[Items from a dataset]

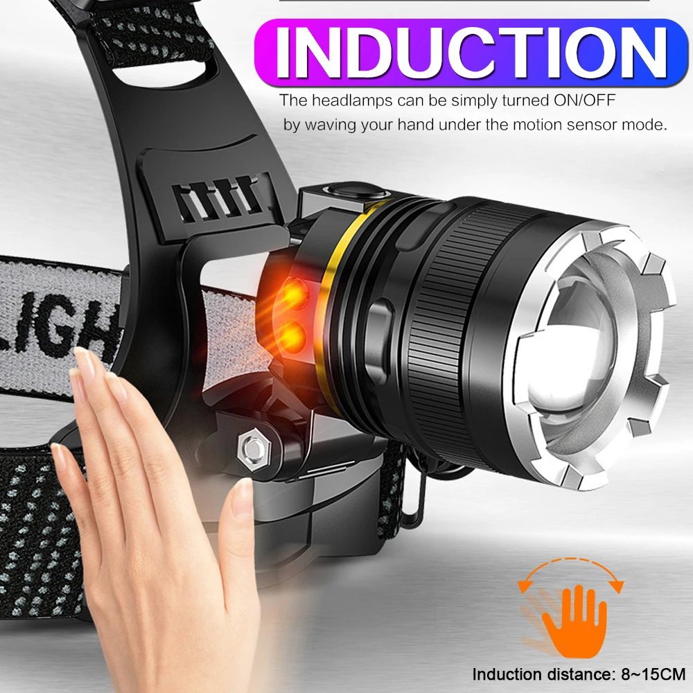 8000лм мощный налобный фонарь с датчиком движения головной светильник USB перезаряжаемая головная лампа наружный рыболовный головной светильник походный беговой светильник
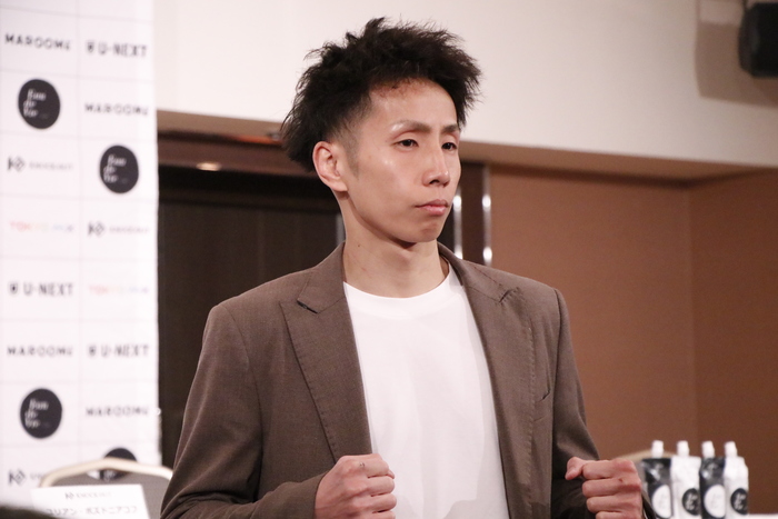 相手の印象については「凄く気持ちの入ったいい表情をしていて、明日の試合がより楽しみになりました」と言い、KNOCK OUT代表として迎え撃つというチュームーシーフーに対してシュートボクシングを背負う気持ちはあるかと聞かれると、「やっぱりシュートボクサーとして出場させてもらうので、僕が中途半端な試合をしたらシュートボクシングが舐められると思う。しっかり勝って、やっぱりシュートボクシングは強いなというのを証明したいと思います」ときっぱりと答えた。
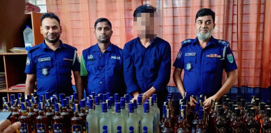 হবিগঞ্জের মাধবপুর থানা পুলিশ কর্তৃক ৯০ বোতল বিদেশি মদসহ একজন মাদক ব্যবসায়ীকে গ্রেপ্তার
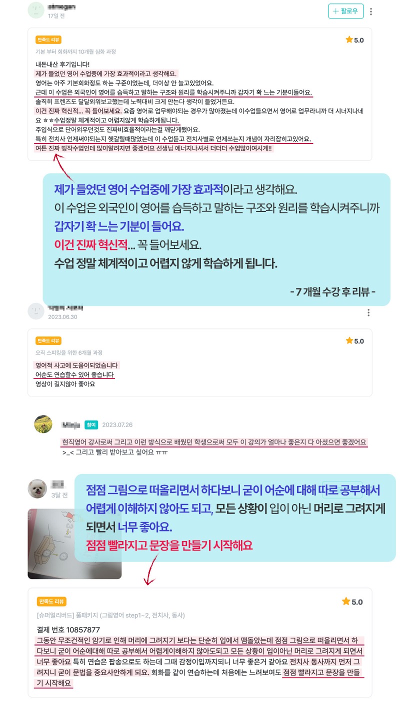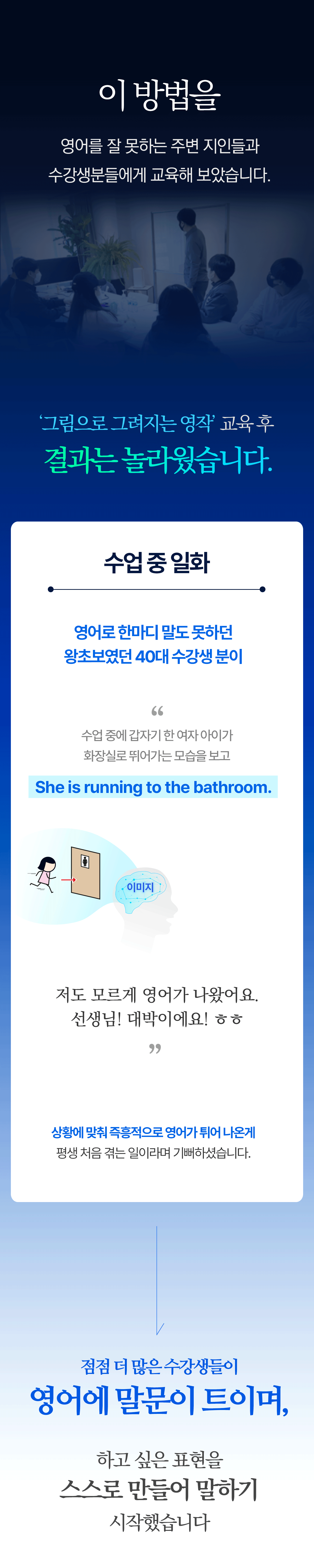 저 또한 이 그림 학습법을 통해서 저 스스로가 놀라울 만큼 빠르게 영어 실력이 향상되었고, 지금도 이 영어식 사고를 활용해서 영어를 모국어 말하듯이 말하고 있습니다.
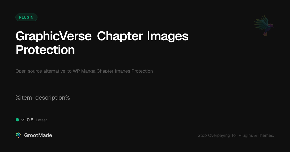 GrootMade is NOT affiliated with WP Manga Chapter Images Protection or its original author. WP Manga Chapter Images Protection™ is a trademark of its respective owner and use of it does not imply any endorsement or affiliation. This product has been forked under the GNU General Public License (GPL) and all non-GPL assets (such as proprietary images, fonts, and branding) have been removed. Distributing GPL-licensed code is 100% legal.
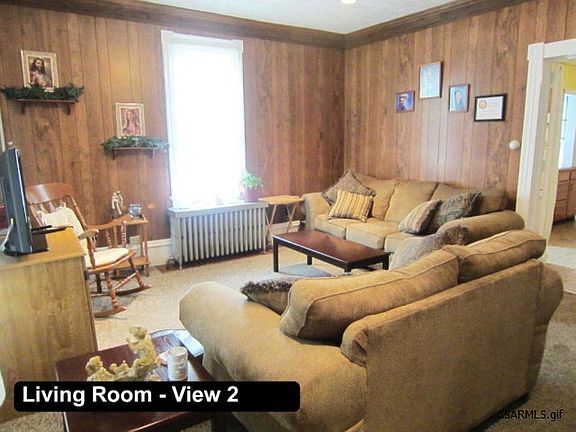 Nice 4 Bedroom, 2.5 Bath vinyl sided 2 story on a corner lot with wrap-around enclosed porch. Main floor has a Living Room w/crown molding, Oak Eat-in Kitchen w/new laminate flooring & French doors, Bedroom, Bath, Laundry/Powder Room, and a Mudroom. Pantry area in Kitchen-gas stove, refrigerator, & portable dishwasher included. 2nd Floor has 3 nice size Bedrooms and an updated Bath w/ceramic tile floor & jetted tub. Off street concrete parking in front fits 2 cars. Relax on the rear Deck. Fenced yard. Walk-up attic provides great storage.
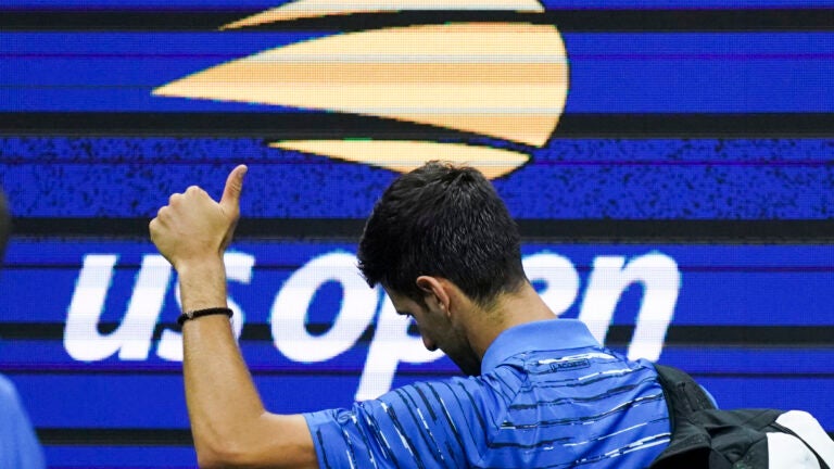 Perhaps confused by the sudden turn of events, and likely disappointed in the brevity of the show they got to watch for their expensive tickets, some spectators jeered as Djokovic walked off the court in Arthur Ashe Stadium to head toward the locker room, his two equipment bags over his other shoulder. He responded with a thumbs-up.
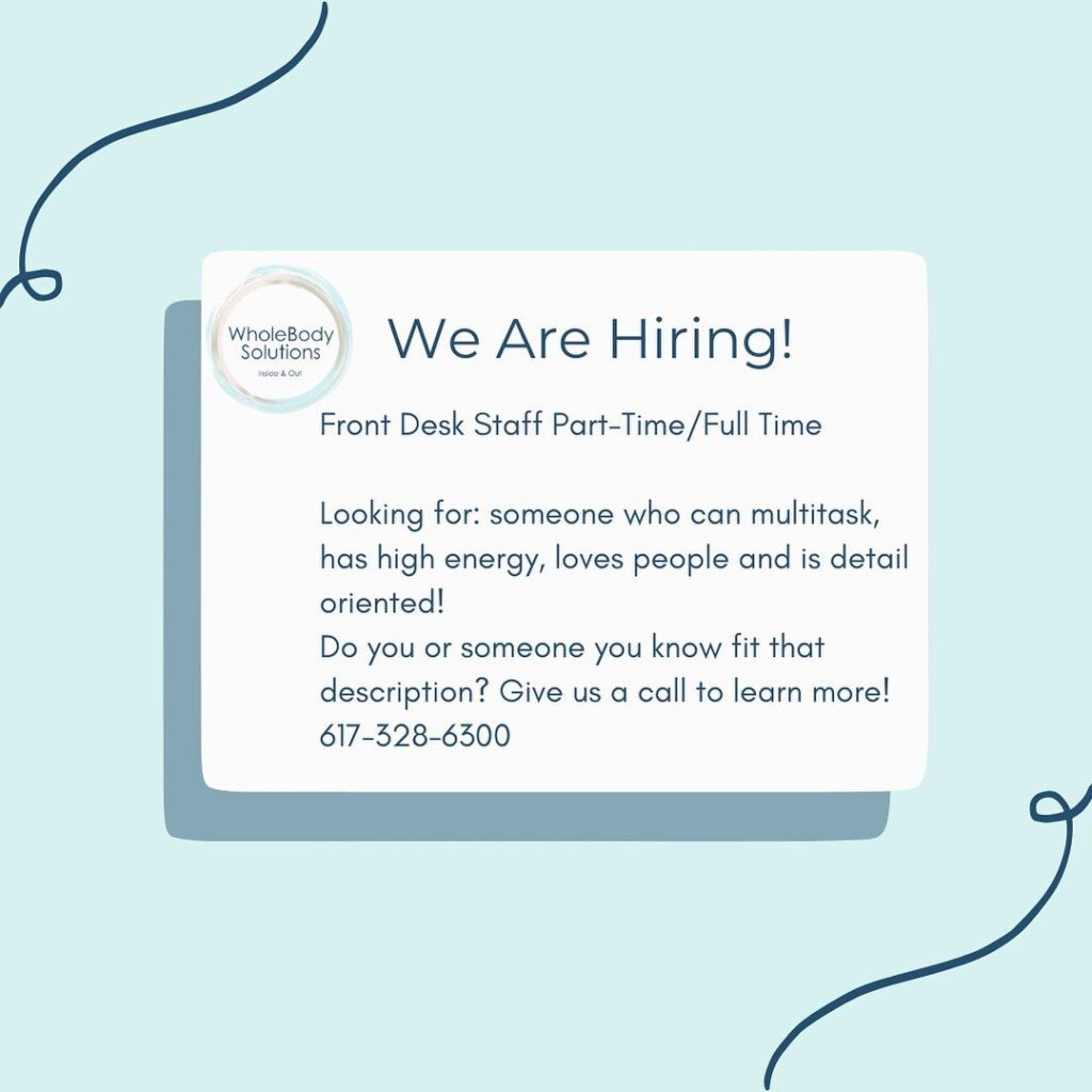 We’re hiring! Give us a call to learn more! 🤝🏼🩵 • • • #BostonJobs #BraintreeJobs #SouthShoreJobs #HolisticJobs #Nutrition #RegenerativeMedicine #ChronicPain #JointPain #HolisticHealth #HolisticClinic #Healing #Chiropractor #InsideAndOut #WholebodySolutions • • Wholebody Solutions 15 Braintree Hill Office Park, Suite 101 Braintree, MA, 02184 617-328-6300
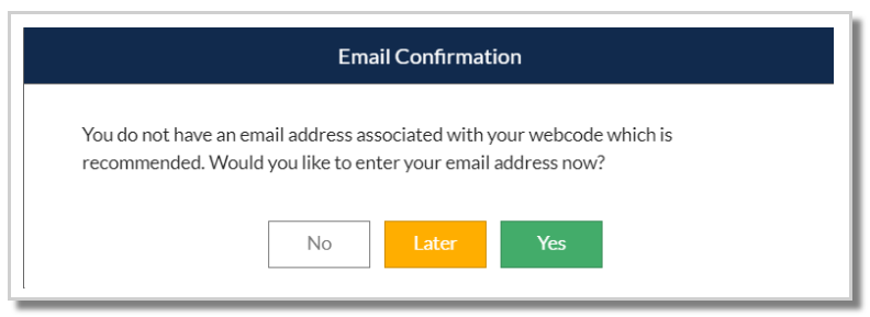 If the user selects 'Later' without adding an email address, the window will close and no further action will be required however, the message will reappear when the user logs in again.
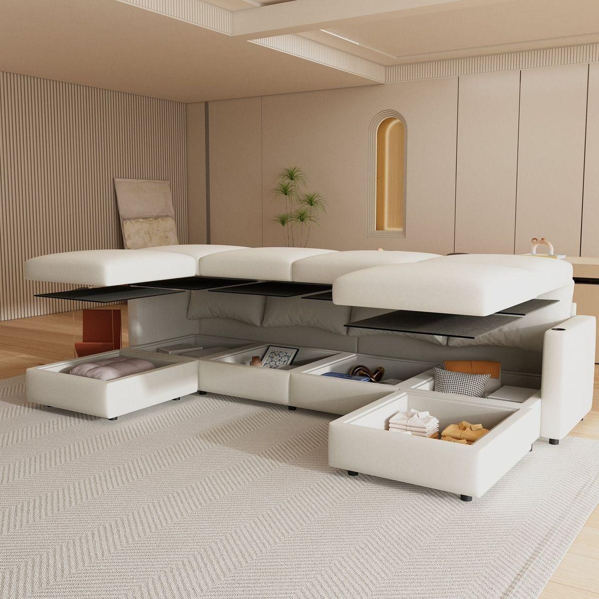 Modern Large Sectional Sofa, U-Shape Modular Sectional Couch with Storage Function,123" Sofa Bed with Ottoman,6 Seat Sectionals Chaise for Living Room,Chenille
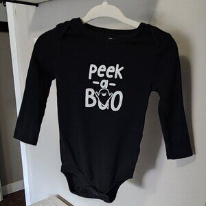 Pumpkin pattern, Peek a Boo, and Pumpkin Spice onesie are made by Joe Fresh and are 100% organic cotton
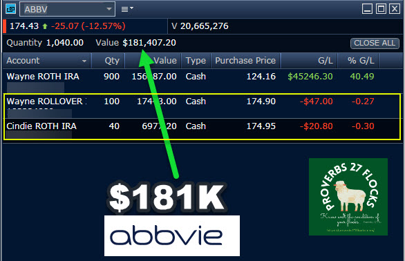 I already own 900 shares of ABBV in my ROTH IRA, so I did a covered call option trade for nine contracts on those shares. That earned me about $190. The contract expires on Friday at a price of $185, so it is very unlikely that my ABBV shares will be called away.

**Exercise directions**
Nothing but the lines from the first line of the data through the line with "相手の印象については「凄く気" belongs in the answer, copied exactly and without pictures.

**Result of this task**
 8000лм мощный налобный фонарь с датчиком движения головной светильник USB перезаряжаемая головная лампа наружный рыболовный головной светильник походный беговой светильник
 相手の印象については「凄く気持ちの入ったいい表情をしていて、明日の試合がより楽しみになりました」と言い、KNOCK OUT代表として迎え撃つというチュームーシーフーに対してシュートボクシングを背負う気持ちはあるかと聞かれると、「やっぱりシュートボクサーとして出場させてもらうので、僕が中途半端な試合をしたらシュートボクシングが舐められると思う。しっかり勝って、やっぱりシュートボクシングは強いなというのを証明したいと思います」ときっぱりと答えた。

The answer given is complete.